Альтернативная история: от литературной игры до дезориентации читателя
Что касается произведений, относящихся к жанру альтернативной истории, то их появление в русской литературе в некотором смысле было предопределено отечественными традициями исторической беллетристики. Во всяком случае, ведущим методом репрезентации прошлого в российской словесности была тенденциозность: «Историческая литература XIX в. начиналась с выражения неких вневременных (национальных, политических или нравственных) доктрин. История сводилась к утверждению той или иной тенденции. Изображение исторических событий оставалось по существу предлогом для выражения внешней по отношению к ним идеи — национальной, социальной или “нравственной”»1.

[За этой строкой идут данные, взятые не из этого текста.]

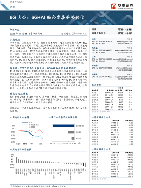 【华泰证券】【202511】科技行业周报(第四十六周):6G大会,6G+AI融合发展趋势强化-17页 证券期货研究报告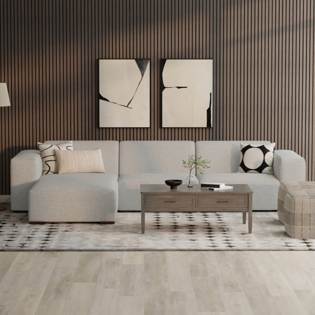 Bring home contemporary comfort with the Rex two-seater sofa and left chaise—an eco-conscious, handcrafted sectional designed for everyday living. Its clean, boxy silhouette and generous proportions create a welcoming lounge that supports up to four people, combining durable construction with soft, easy-care performance fabric and thoughtful details like extra-wide armrests and included throw pillows.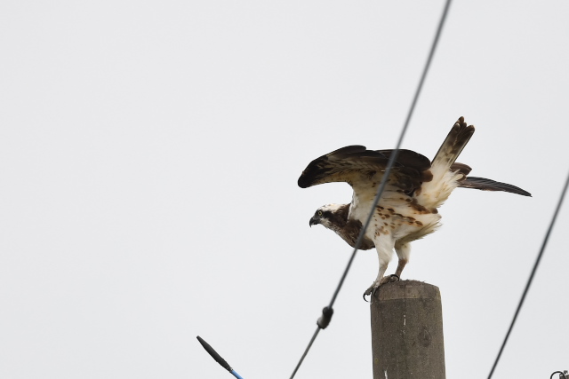 ミサゴは食事中だったようです。電線をさけようと近づいてしまったため、えさを持って飛んで行ってしまいました。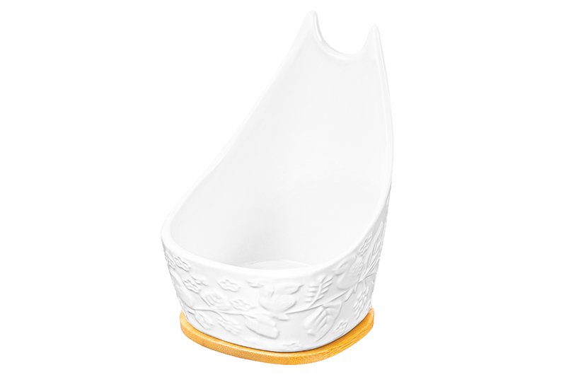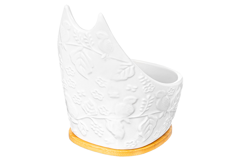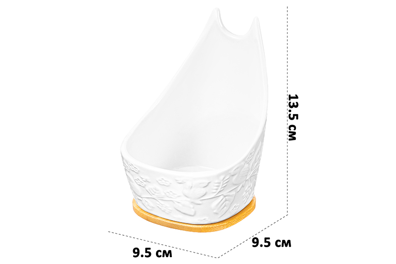 Подставка под ложку Elan Gallery "Птички на ветке" размером 9,5х9,5х13,5 см выполнена из фарфора, украшена рельефным узором. Глубина фарфоровой ёмкости 180 мл. Имеет несъёмное бамбуковое основание размером 8х8х0,5 см. Фарфоровая ложка и подставка из бамбука – одно целое. В процессе готовки вы можете положить на неё любые столовые приборы: ложки, вилки и лопатки, чтобы не испачкать поверхность. Изделия из фарфора не впитывают цвет и не деформируются от влаги, чему может быть подвержена керамика. Настольная подставка поможет сохранить стол в чистоте во время приготовления пищи. Не рекомендуется применять абразивные моющие средства. Из-за бамбуковой части эту модель нельзя использовать в посудомоечной машине и микроволновой печи. Бамбук нельзя замачивать! Посуда поставляется в стильной картонной упаковке. Полезный кухонный инвентарь станет чудесным подарком на любой праздник. Удобное приспособление для столовых приборов станет незаменимым помощником в процессе приготовления пищи и украсит интерьер вашей кухни. В ассортименте бренда Элан Галерея представлено много красивой посуды, кухонных принадлежностей и стильных товаров для дома. Выберите варианты на свой вкус!

Существенный импульс альтернативная история получила после событий 1917 года. Причудливая, жутковатая, а порой и безумная советская действительность 1920-х гг. (когда совершенно невозможно было понять, как же дальше будет развиваться история страны) породила целый ряд произведений в данном жанре (хотя, конечно, он так ещё и не назывался). В качестве примеров можно назвать такие произведения, как «Вторая жизнь Наполеона» и «Пугачёв-победитель» М. К. Первухина, «Бесцеремонный Роман» В. В. Гиршгорна, И. И. Келлера и Б. С. Липатова, «Царь Андрон: апокалиптическая повесть» Д. Бедного (Е. А. Придворова), «Картонный император» Г. Г. Гайдовского. Таким образом, определённые предпосылки для возникновения жанра альтернативной истории в русской литературе всё-таки были. Другое дело, что с 1920-х гг. и вплоть до последнего десятилетия ХХ в. в этом жанре практически ничего не происходило. В советскую эпоху альтернативная история, как и фэнтези, естественно, не приветствовалась, но при этом возникло противоречие прямо-таки фантастического масштаба: «парадокс заключался в том, что советская идеология, фактически “отменив” как факт “альтернативную историю”, весьма скоро воспользовалась её методами для “исправления” недостаточно выдержанной с её же точки зрения реальной истории страны — из учебников стали исчезать Троцкий и другие “неактуальные” революционеры, а их заслуги “передавались” более живучим вождям (или безопасно покойному Владимиру Ильичу Ленину). Эта “историческая динамика” достойна отдельного и ведьма вдумчивого исследования, здесь же хочется просто констатировать, что такой подход очень скоро превратил реальную историю СССР в категорически “альтернативную”…»2
Так или иначе, но примеры «советской» альтернативной истории ещё более редки, чем «советского» фэнтези. Здесь можно упомянуть фантастический рассказ С. Ф. Гансовского «Демон истории», а также, как ни странно, научно-популярную литературу: в книге Н. Я. Эйдельмана «Апостол Сергей. Повесть о Сергее Муравьеве-Апостоле» глава «Невозможный 1826-й год» посвящена рассмотрению вопроса о том, что же было бы, если бы декабристы одержали победу.
Михаил Юрьевич Матвеев, ведущий научный сотрудник Отдела истории библиотечного дела Российской национальной библиотеки, доктор педагогических наук
1 Сорочан А. Ю. Формы репрезентации истории в русской прозе XIX века: автореф. дис. … д-ра филол. наук. — Тверь, 2008. — С. 7.